In an incredible turn of events, a pelagic thresher shark was accidentally caught on camera giving birth, "the first record of any oceanic species giving birth."

The amazing photograph, now published in the journal Coral Reefs, was taken during a 2013 research dive in a seamount (undersea mountain) in the Philippines. It is believed to be the first record of a birth in this species (Alopias pelagicus).

"I have never seen a comparable image for any other pelagic shark," Dr. Simon Thorrold, a senior scientist at the Woods Hole Oceanographic Institution (WHOI), told BBC News. "It may well be, or at least the first time that the event has been photographed, but this is always difficult to say definitively."

According to the IUCN Red List, thresher sharks are a vulnerable species with populations in a downward spiral due to fisheries exploitation in the Indian and Pacific Oceans where they live. The species is used for its meat, liver oil, and hides for leather and fins for shark-fin soup.
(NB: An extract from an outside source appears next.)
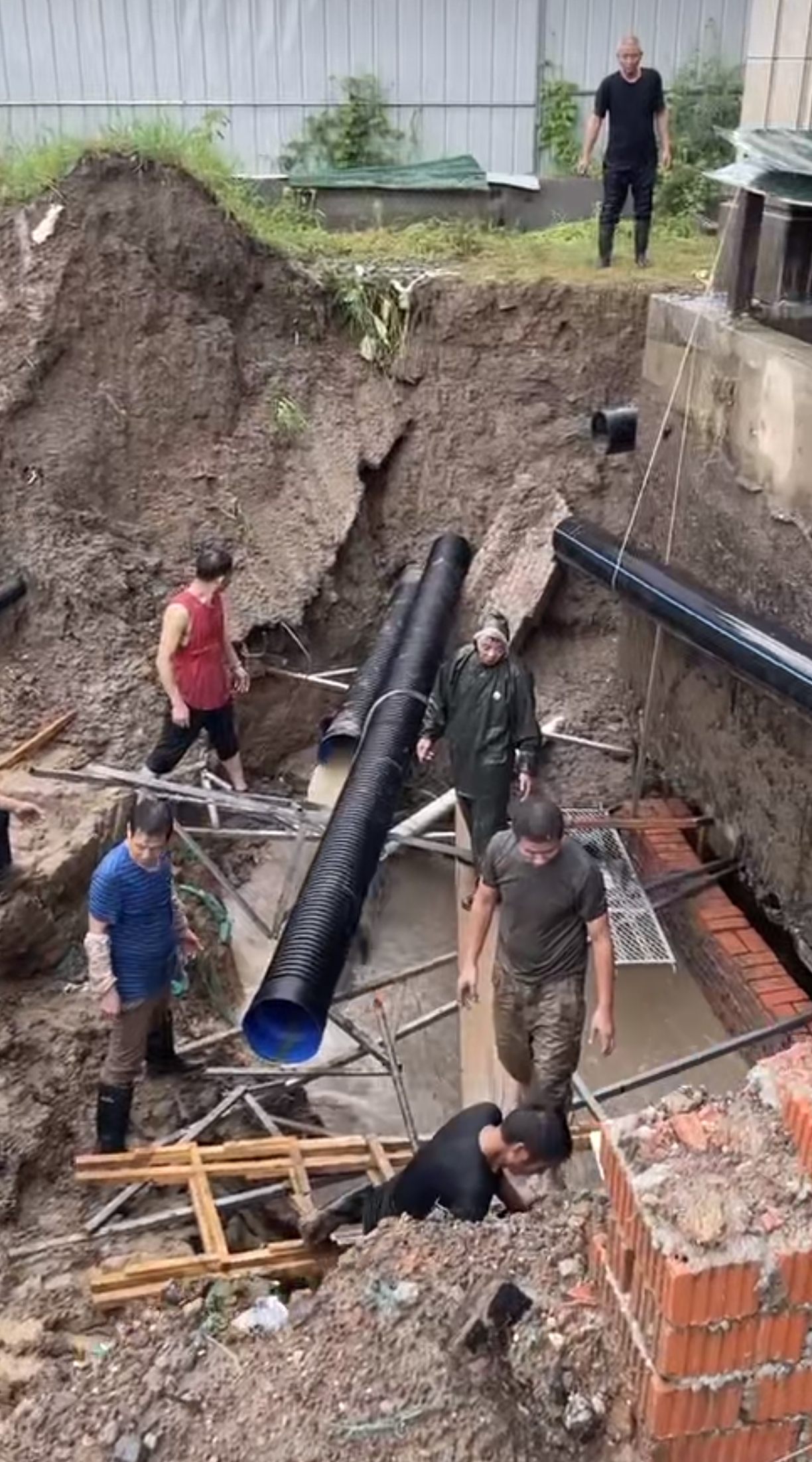 一张暴雨前拍摄的现场图片显示,在别墅旁的一块空地上,已经挖出了一个大坑,四周有围墙,有挖掘机正在作业。“其他业主拍的照片,可能当时不知道具体在干什么。”张先生称,物业紧急安排了抢修,“这个时候大家才知道,地下室都已经挖几米深了,然后就有人报警,还有人拨打了12345热线。”

But the place where this latest thresher birth was documented was at a shark "cleaning station" - where these predators go to have parasites nibbled away by smaller fish called cleaner wrasse.

"It looks like this area is not just a cleaning station, which is already massively essential, it's also serving as a pupping ground," lead researcher Dr. Simon Oliver, from the University of Chester, told BBC.
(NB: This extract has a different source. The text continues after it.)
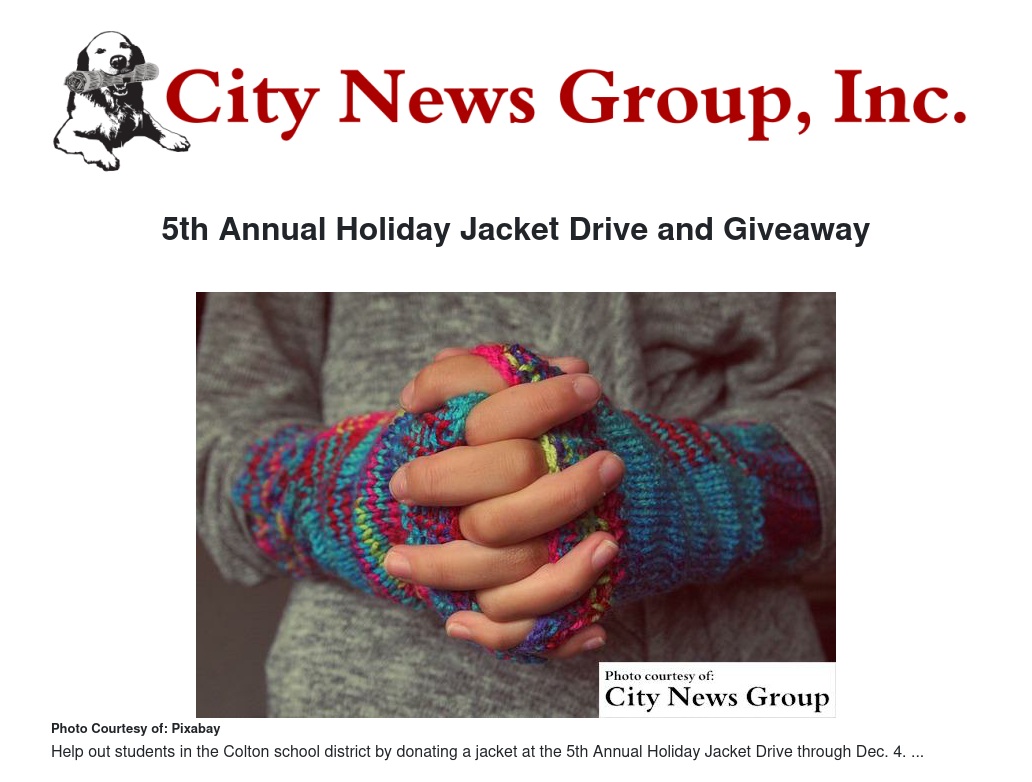 Colton Joint Unified School District's (CJUSD) 5th Annual Holiday Jacket Drive is underway.

Taking this into consideration, researchers believe the study site is important for the conservation of this vulnerable species. Oliver and his colleagues are now working to make the seamount a designated protected area.

In other recent shark birth news, a female brownbanded bamboo shark at the California Academy of Sciences' Steinhart Aquarium demonstrated the longest case of sperm storage ever seen, delaying fertilization for an astonishing four years.